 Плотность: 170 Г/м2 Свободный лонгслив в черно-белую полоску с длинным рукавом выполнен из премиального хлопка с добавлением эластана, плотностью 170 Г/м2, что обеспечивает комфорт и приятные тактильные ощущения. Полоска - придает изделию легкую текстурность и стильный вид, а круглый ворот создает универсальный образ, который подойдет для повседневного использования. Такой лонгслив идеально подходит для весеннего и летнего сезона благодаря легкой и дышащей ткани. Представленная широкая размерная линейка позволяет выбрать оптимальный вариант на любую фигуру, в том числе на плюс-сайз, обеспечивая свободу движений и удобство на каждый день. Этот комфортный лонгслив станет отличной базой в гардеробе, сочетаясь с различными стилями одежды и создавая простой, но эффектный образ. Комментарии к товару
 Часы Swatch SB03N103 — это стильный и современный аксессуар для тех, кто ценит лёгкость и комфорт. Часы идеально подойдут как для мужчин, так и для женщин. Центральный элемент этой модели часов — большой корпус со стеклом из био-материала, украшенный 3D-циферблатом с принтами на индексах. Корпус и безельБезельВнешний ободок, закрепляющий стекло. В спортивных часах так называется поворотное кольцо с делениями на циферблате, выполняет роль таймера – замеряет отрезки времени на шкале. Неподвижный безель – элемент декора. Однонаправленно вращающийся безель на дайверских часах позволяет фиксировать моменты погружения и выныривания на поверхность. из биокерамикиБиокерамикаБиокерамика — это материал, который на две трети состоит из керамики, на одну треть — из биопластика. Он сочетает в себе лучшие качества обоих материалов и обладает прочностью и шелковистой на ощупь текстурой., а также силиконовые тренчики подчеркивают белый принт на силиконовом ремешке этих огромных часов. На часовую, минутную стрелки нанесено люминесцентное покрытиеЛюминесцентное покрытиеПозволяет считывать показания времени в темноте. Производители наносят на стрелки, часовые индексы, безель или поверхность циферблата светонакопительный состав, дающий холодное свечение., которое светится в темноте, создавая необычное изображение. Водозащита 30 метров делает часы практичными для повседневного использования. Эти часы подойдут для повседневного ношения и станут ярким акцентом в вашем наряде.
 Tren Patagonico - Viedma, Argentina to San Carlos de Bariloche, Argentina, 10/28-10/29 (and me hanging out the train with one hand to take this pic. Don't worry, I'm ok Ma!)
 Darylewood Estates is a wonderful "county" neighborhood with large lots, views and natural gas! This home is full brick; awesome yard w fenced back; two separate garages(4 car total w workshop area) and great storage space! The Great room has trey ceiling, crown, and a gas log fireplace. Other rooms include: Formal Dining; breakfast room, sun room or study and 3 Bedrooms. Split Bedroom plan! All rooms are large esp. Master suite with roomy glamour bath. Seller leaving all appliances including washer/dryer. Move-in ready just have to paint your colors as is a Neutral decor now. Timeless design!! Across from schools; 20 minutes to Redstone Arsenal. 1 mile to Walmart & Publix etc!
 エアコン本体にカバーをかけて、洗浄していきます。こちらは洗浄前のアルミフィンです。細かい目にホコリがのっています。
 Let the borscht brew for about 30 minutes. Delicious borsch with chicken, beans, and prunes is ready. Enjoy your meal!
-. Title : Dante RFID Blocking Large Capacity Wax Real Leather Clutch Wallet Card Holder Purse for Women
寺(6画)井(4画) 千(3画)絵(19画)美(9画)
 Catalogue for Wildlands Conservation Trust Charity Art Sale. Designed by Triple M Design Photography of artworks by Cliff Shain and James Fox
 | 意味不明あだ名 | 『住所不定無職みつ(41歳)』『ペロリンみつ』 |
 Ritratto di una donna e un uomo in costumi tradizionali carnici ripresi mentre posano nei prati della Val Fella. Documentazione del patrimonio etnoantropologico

» **What is expected**
Exactly the lines from the one containing "エアコン本体にカバーをかけて" through the end of the records above should be returned, with both ends kept.

» **Reply**
 エアコン本体にカバーをかけて、洗浄していきます。こちらは洗浄前のアルミフィンです。細かい目にホコリがのっています。
 Let the borscht brew for about 30 minutes. Delicious borsch with chicken, beans, and prunes is ready. Enjoy your meal!
-. Title : Dante RFID Blocking Large Capacity Wax Real Leather Clutch Wallet Card Holder Purse for Women
寺(6画)井(4画) 千(3画)絵(19画)美(9画)
 Catalogue for Wildlands Conservation Trust Charity Art Sale. Designed by Triple M Design Photography of artworks by Cliff Shain and James Fox
 | 意味不明あだ名 | 『住所不定無職みつ(41歳)』『ペロリンみつ』 |
 Ritratto di una donna e un uomo in costumi tradizionali carnici ripresi mentre posano nei prati della Val Fella. Documentazione del patrimonio etnoantropologico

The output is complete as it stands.